«Г-жа N. N. с малолетними детьми, с прискорбием извещая о кончине супруга ее, случившейся сего августа в… день, просит пожаловать… числа на погребение и вынос тела из дому, состоящего в N в… квартале и проч.»
Неожиданная смерть этого человека, на погребение которого приглашали, была причиною моего чрезвычайного удивления. Еще не прошло недели, как я видел его в цвете лет, окруженного милым семейством, женою и детьми, посреди блестящего круга знакомых, игравшего знатную роль в большом свете, где все обещало ему светлую будущность. Мы были с ним знакомы с детства, даже в летах первой молодости, я думал, что мы были дружны, но вскоре различная участь наша, оставившая меня на той же ступени, где я стоял, и призвавшая его в круг большого света, разочаровала меня. Мы остались знакомы, т. е. я получал приглашения на свадьбу, обеды и прочее; но развлечения и обязанности и все, что называется жизнию большого света, не оставляли бывшему другу моему времени, чтоб позаботиться о дружбе нашей. Изредка только, если случалось ему заставать меня дома, когда у него было намерение оставить карточку, он забегал ко мне на минуту, а иногда, забываясь, при воспоминании старинных наших связей, оставался на несколько часов; но тут я видел всегда другого человека от прежде бывшего товарища. Его живость исчезла, вместо благородных порывов, столь приятных в юноше, заступила какая-то равномерная важность, вместо простосердечной остроты, доставлявшей нам некогда приятные минуты, явилась тонкая ирония, которой наружность носила на себе печать строжайшего приличия, но которой смысл всегда был ядовит; образ его мыслей, суждений лишался прежнего прямого, ясного и нелицеприятного изложения. Вместо оных являлось всегда осторожное, не полное, иногда двусмысленное мнение, от которого он готов был отпереться каждую минуту.
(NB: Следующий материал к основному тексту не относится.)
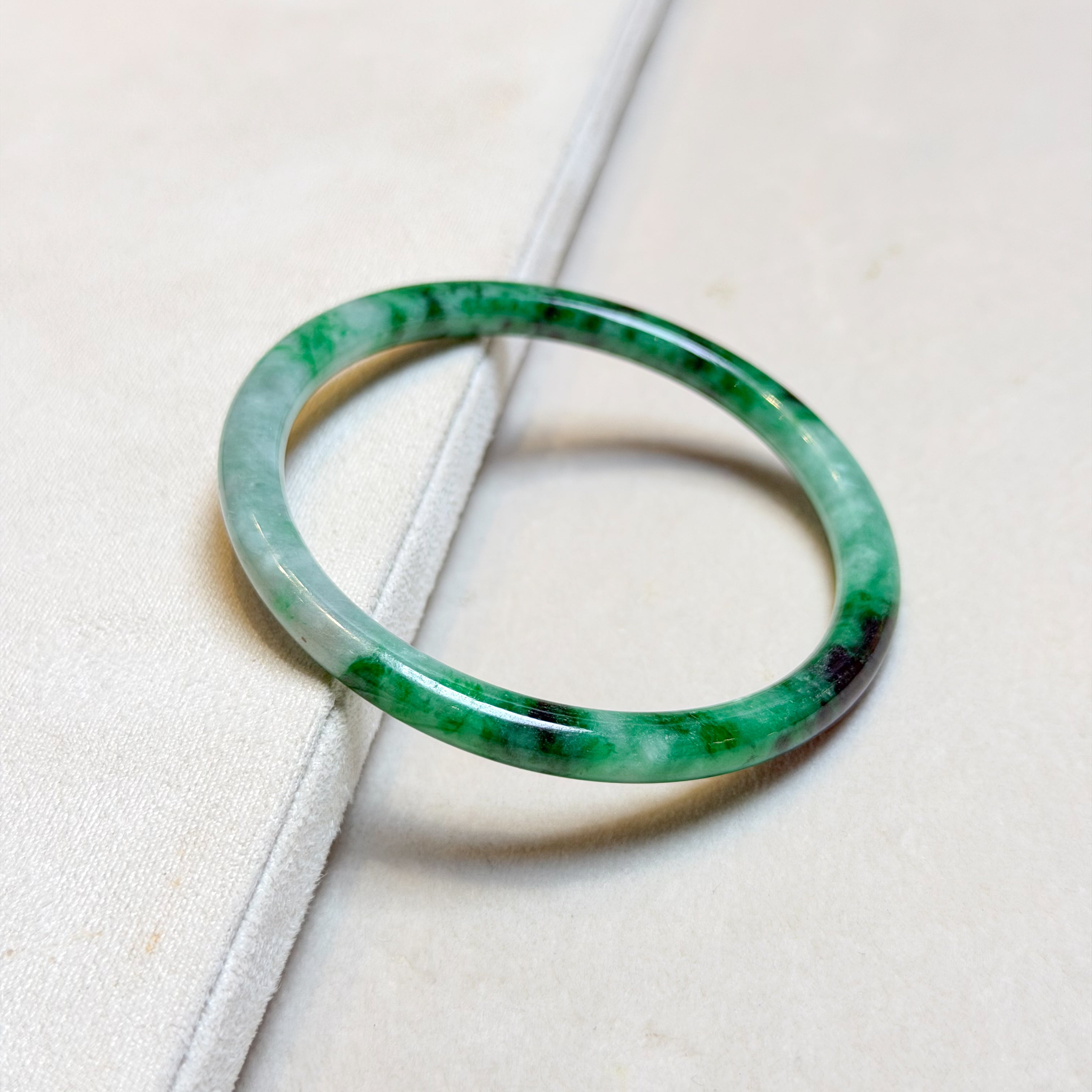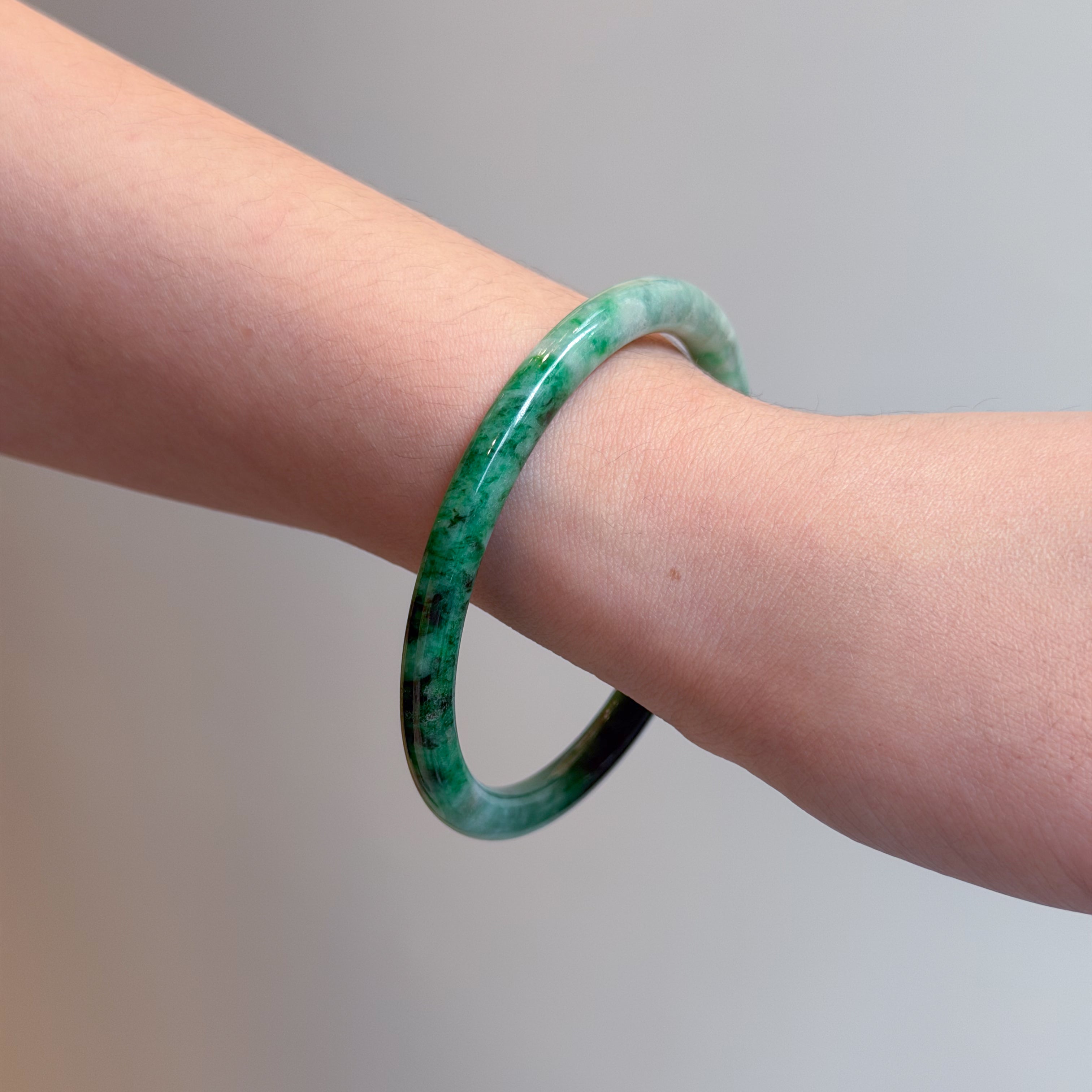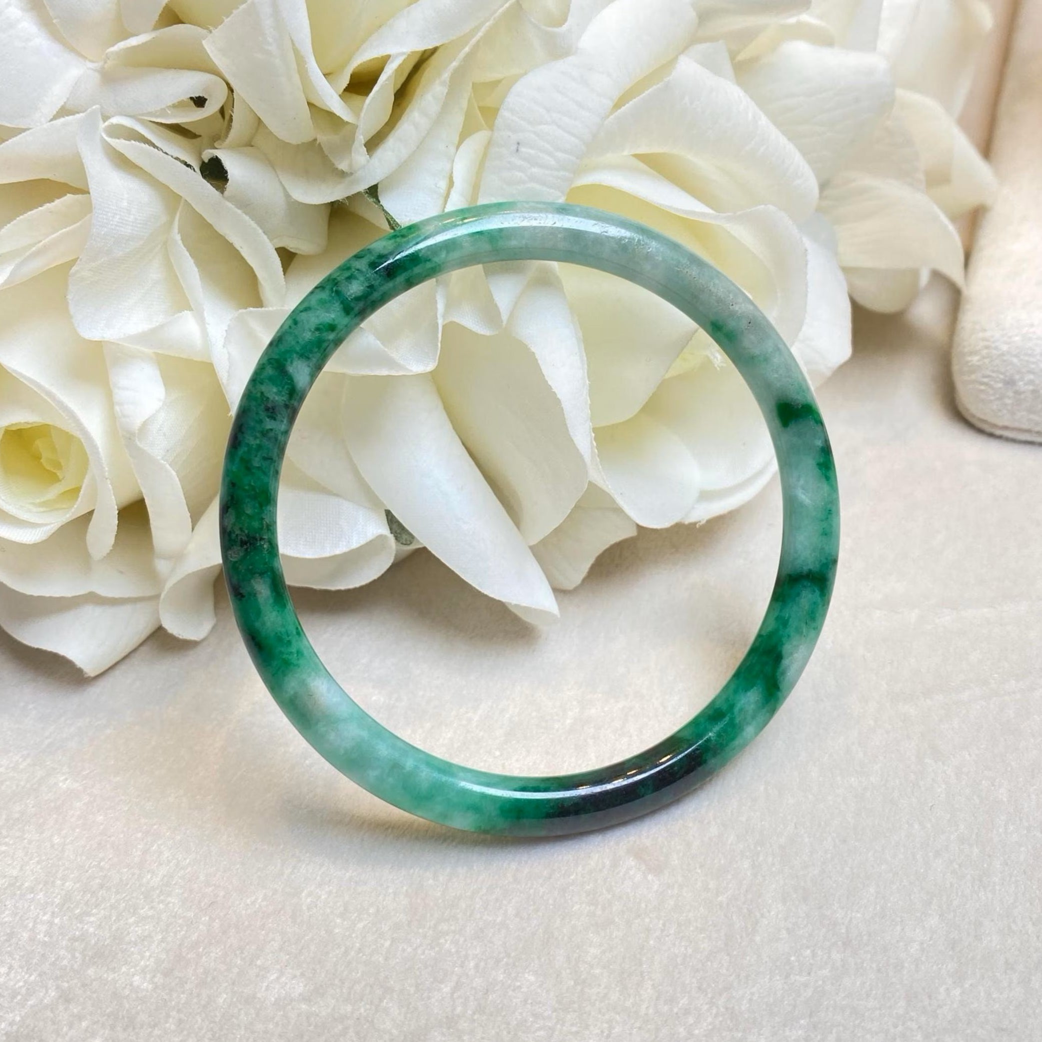 ✅This stunning green jadeite bangle features untreated Type-A jadeite in an imperial green color, crafted in a classic round shape with a 54mm inner diameter for a comfortable fit and timeless elegance. The smooth, polished design highlights the vibrant green hue, making it a standout accessory. Known for its harmonizing properties, this bangle is perfect for meditation, mindfulness, or as a meaningful everyday accessory.

Мы с ним были несогласны во многом: он упрекал меня, что я не люблю большого света; я приводил в свое оправдание его собственную перемену; он доказывал, что большой свет не любит излишеств и порывов; я видел во всем этом свете одну только холодность; на это он отвечал, что все защищаемое мною составляет одни странности и что я с ними – оригинал, а это большая брань в большом свете, и, следственно, будучи оригиналом, я не мог быть другом светского человека.
Как бы то ни было, я все любил его и когда получил приглашение на похороны, мне стало горько известие о его безвременной кончине; я представлял себе горесть жены, детей и домашних, участие знакомых и собрался на похороны, чтоб разделить общее чувствование печали с теми, кои, подобно мне, казалось, всегда были расположены к этому человеку.
Я не поспел на вынос и должен был проехать прямо в церковь. Там посредине стояла высокая катафалка. Ступени ее были обиты черным сукном; бархатный балдахин со множеством страусовых перьев и гербом фамилии осенял стоявший на катафалке гроб; множество свеч горело кругом; множество людей всякого звания волновались около гроба; священство, пение, молитвы, дым кадильный, окружавший облаками сию необыкновенную сцену, – все это возбудило во мне скорбное ощущение. Воображение, развивая все происшествия первой жизни моей цепью, которой первое звено составляло нашу дружбу с покойным, невольно приковывало последнее кольцо этой цепи к гробу, передо мной стоявшему. Мысли быстро катились и наполняли грудь; наконец ей стало тяжело. Я забылся и заплакал; слезы мои катились не долго; меня пробудил от моей забывчивости глухой шум полувнятных вопросов, полуотвеченных слов, – я окинул глазами собрание и увидел, что взоры всех были обращены на меня. Тут я только вспомнил, что нахожусь посреди большого света, где приличие должно замещать все ощущения сердца и где наружный признак оных кладет печать смешного на каждого несчастливца, который будет столько слаб, что даст заметить свое внутреннее движение. Признаюсь, к первой слабости я прибавил другую: мне стало стыдно, – я удалился в угол и, мало-помалу оправившись от замешательства, стал равнодушнее замечать, что предо мною происходило.